## RECORDS TO PROCESS
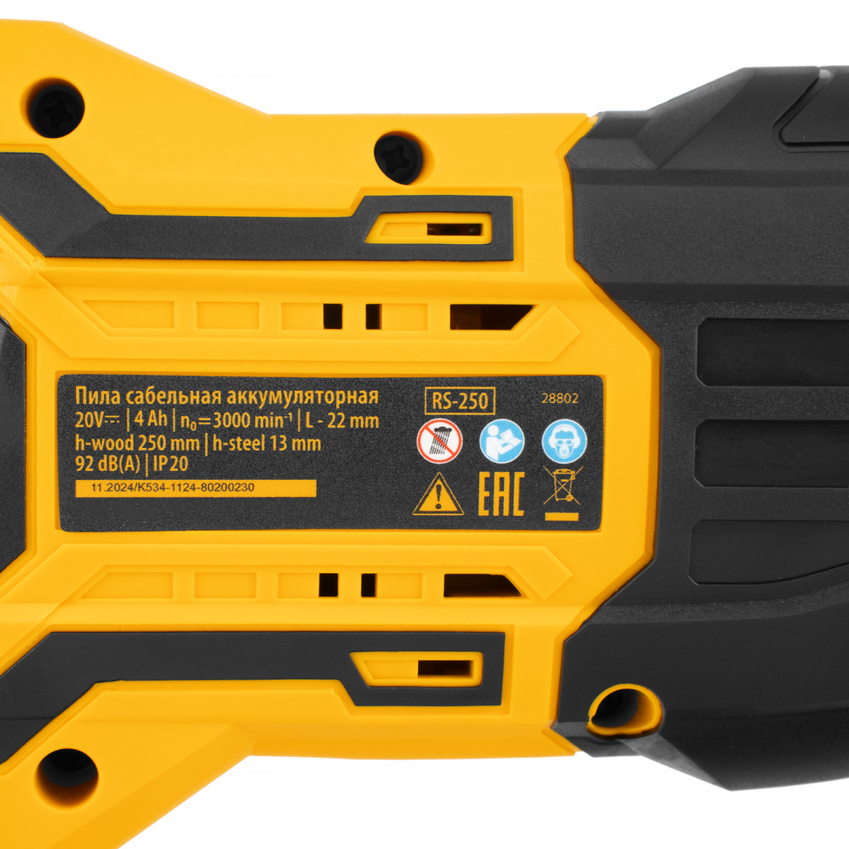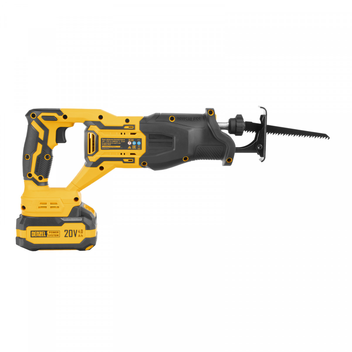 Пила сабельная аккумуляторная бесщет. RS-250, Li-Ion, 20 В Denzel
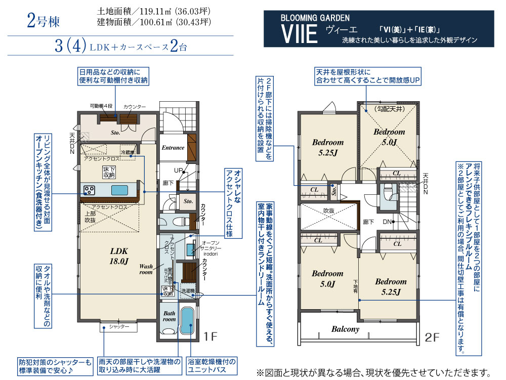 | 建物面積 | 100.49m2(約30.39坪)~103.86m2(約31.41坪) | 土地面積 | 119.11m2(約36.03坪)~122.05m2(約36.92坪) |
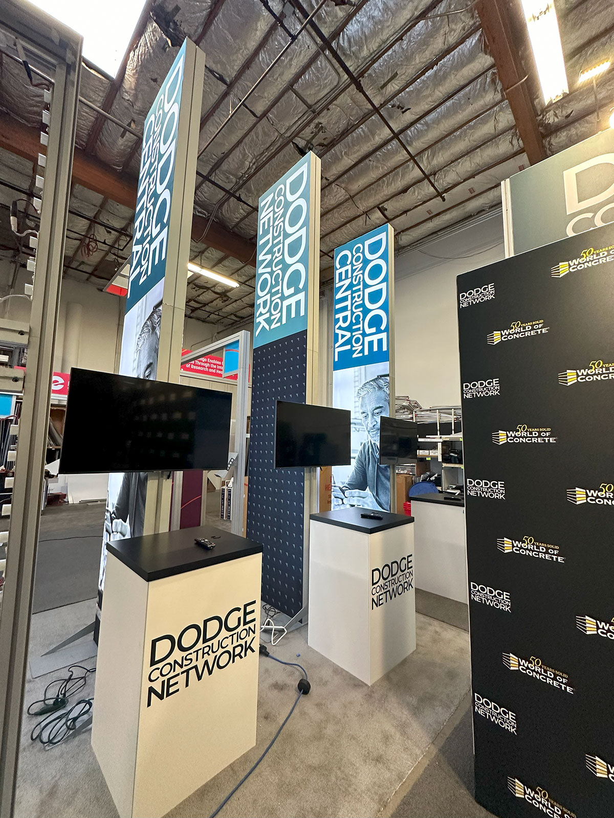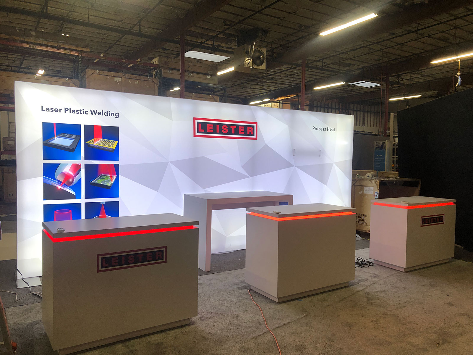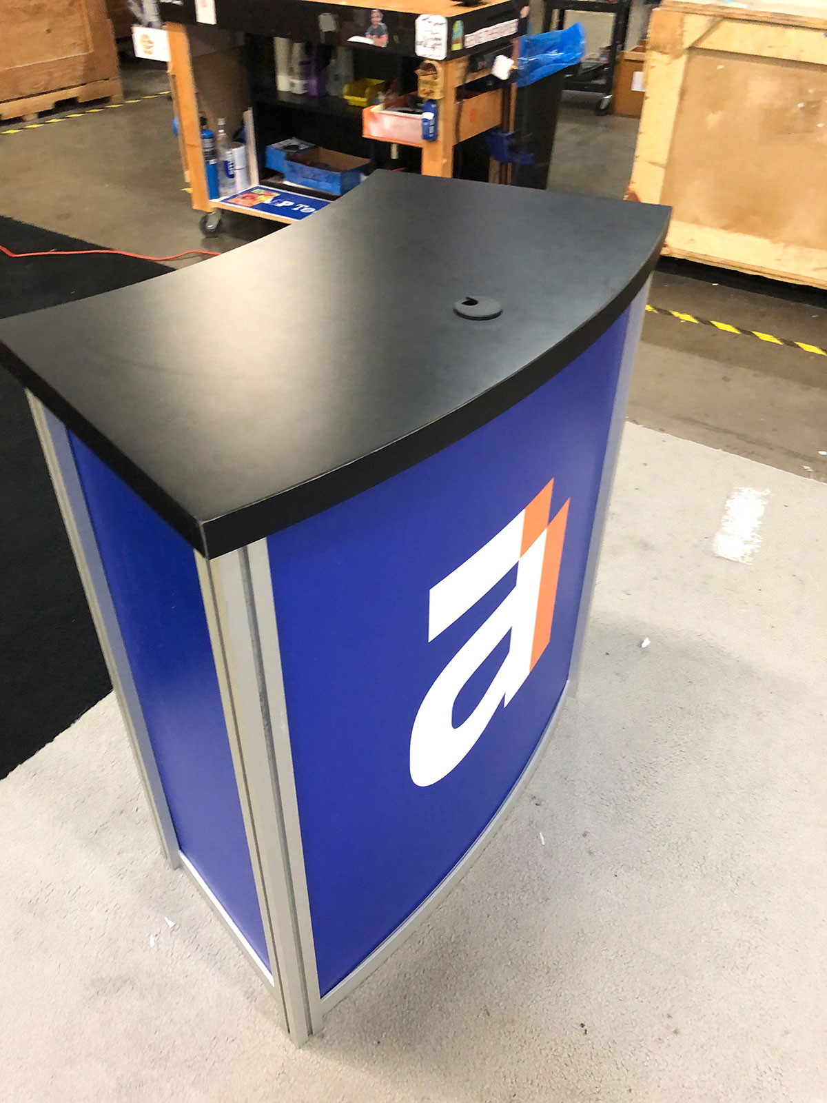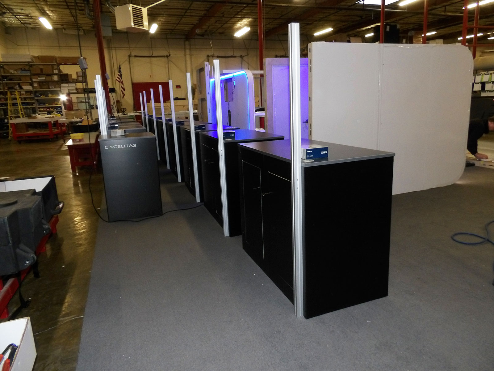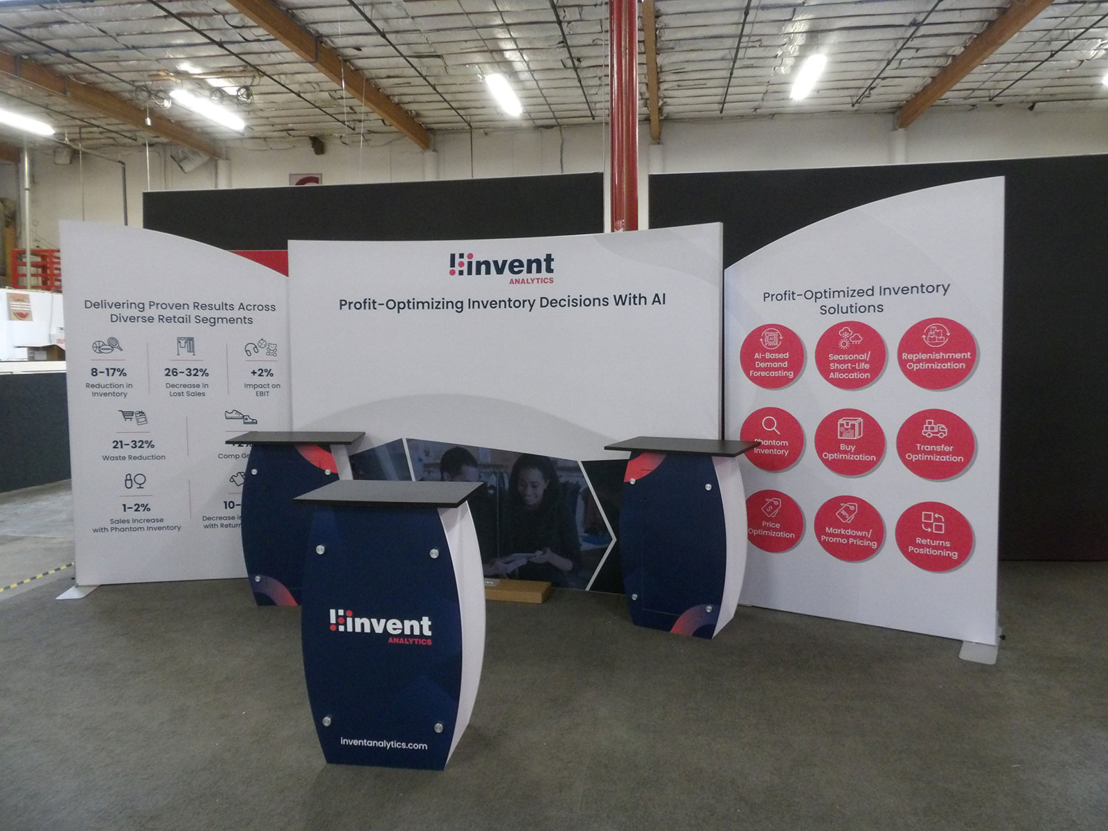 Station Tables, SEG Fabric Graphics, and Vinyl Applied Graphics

---

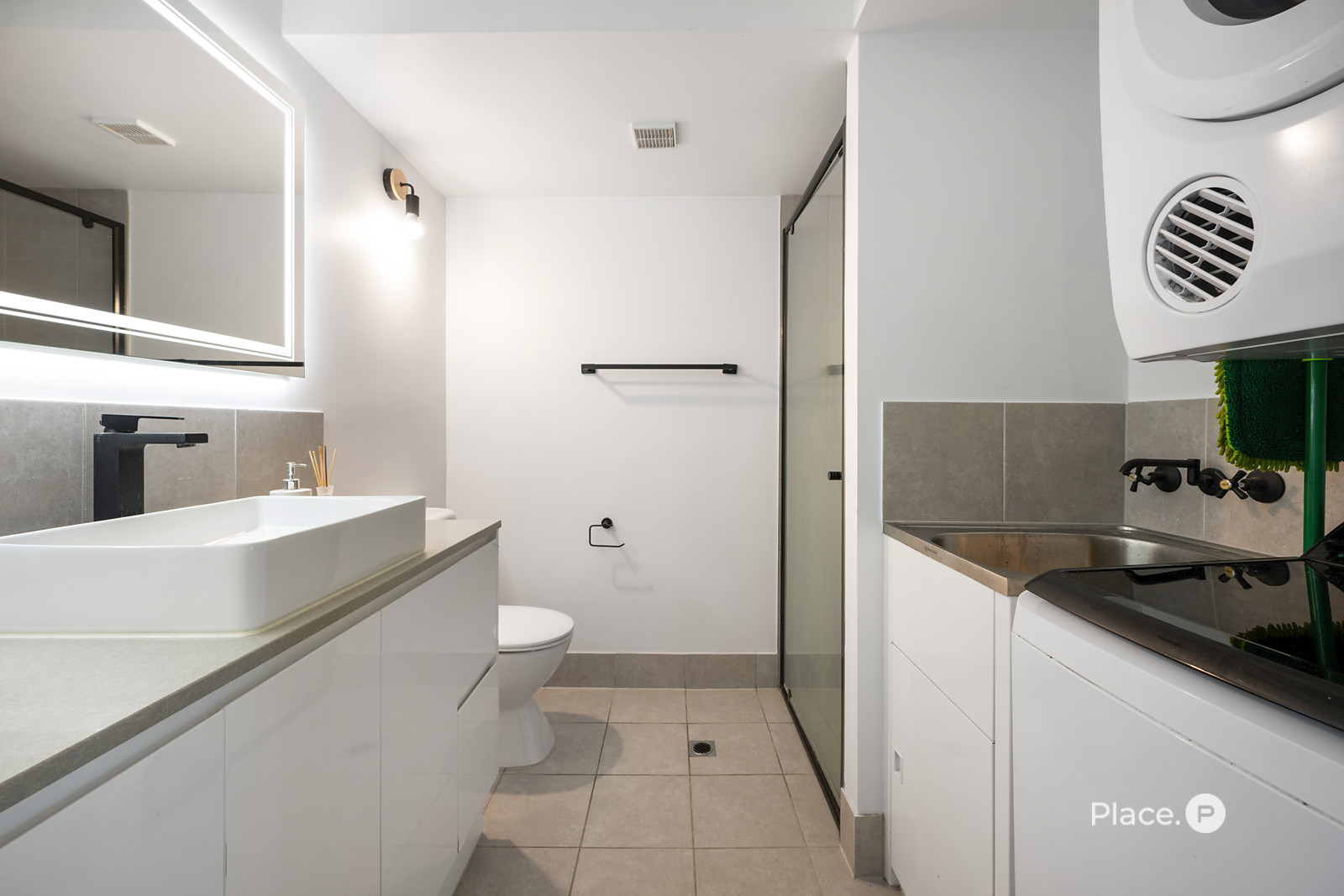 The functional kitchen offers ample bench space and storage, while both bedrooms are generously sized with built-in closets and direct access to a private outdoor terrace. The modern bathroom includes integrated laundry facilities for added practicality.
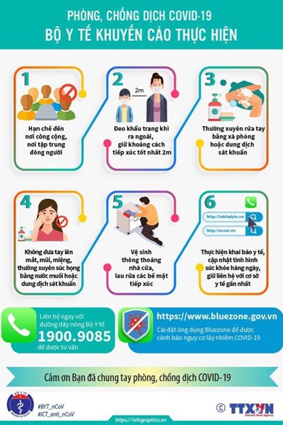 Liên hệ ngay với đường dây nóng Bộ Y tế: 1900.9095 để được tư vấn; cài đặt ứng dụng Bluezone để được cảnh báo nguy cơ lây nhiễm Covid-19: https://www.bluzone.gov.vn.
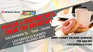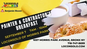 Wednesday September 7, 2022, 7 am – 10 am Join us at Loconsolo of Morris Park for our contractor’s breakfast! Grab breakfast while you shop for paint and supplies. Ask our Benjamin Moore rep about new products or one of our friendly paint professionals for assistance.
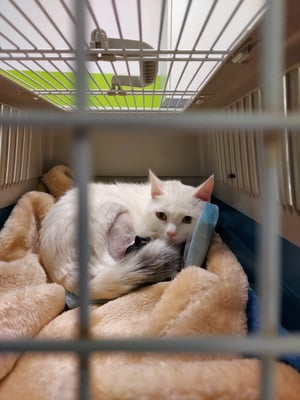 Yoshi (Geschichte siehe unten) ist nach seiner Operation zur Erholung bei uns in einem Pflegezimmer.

==

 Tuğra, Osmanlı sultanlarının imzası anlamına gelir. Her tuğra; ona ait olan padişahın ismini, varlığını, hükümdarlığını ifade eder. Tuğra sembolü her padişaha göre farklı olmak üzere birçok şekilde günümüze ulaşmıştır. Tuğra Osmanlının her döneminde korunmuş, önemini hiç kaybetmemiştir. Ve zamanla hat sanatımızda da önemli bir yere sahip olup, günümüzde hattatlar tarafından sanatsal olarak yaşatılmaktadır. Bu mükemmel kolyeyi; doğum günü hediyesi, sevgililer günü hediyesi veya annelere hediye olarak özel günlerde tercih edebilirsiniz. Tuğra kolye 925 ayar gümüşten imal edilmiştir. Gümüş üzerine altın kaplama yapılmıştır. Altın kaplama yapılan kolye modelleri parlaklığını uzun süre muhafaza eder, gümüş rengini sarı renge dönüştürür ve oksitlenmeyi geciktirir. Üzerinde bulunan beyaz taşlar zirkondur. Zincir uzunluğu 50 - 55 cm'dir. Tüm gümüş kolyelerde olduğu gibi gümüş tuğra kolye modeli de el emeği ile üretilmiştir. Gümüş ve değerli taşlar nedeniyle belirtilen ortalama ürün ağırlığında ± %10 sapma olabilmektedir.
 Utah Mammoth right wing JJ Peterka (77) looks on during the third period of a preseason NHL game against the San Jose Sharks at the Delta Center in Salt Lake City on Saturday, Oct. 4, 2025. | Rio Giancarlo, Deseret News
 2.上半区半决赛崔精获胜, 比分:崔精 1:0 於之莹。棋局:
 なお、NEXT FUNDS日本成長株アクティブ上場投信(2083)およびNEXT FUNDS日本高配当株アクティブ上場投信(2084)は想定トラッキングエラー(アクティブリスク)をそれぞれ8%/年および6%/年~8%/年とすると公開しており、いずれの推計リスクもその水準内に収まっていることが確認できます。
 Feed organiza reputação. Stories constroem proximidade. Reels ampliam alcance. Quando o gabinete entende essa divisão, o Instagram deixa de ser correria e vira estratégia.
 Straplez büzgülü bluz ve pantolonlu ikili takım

## REQUIREMENT
Only one stretch of the material above is wanted: the line containing "The functional kitchen" through the line containing "Liên hệ ngay". Restate it word for word, minus the pictures.

## WRITTEN RESPONSE
 The functional kitchen offers ample bench space and storage, while both bedrooms are generously sized with built-in closets and direct access to a private outdoor terrace. The modern bathroom includes integrated laundry facilities for added practicality.
 Liên hệ ngay với đường dây nóng Bộ Y tế: 1900.9095 để được tư vấn; cài đặt ứng dụng Bluezone để được cảnh báo nguy cơ lây nhiễm Covid-19: https://www.bluzone.gov.vn.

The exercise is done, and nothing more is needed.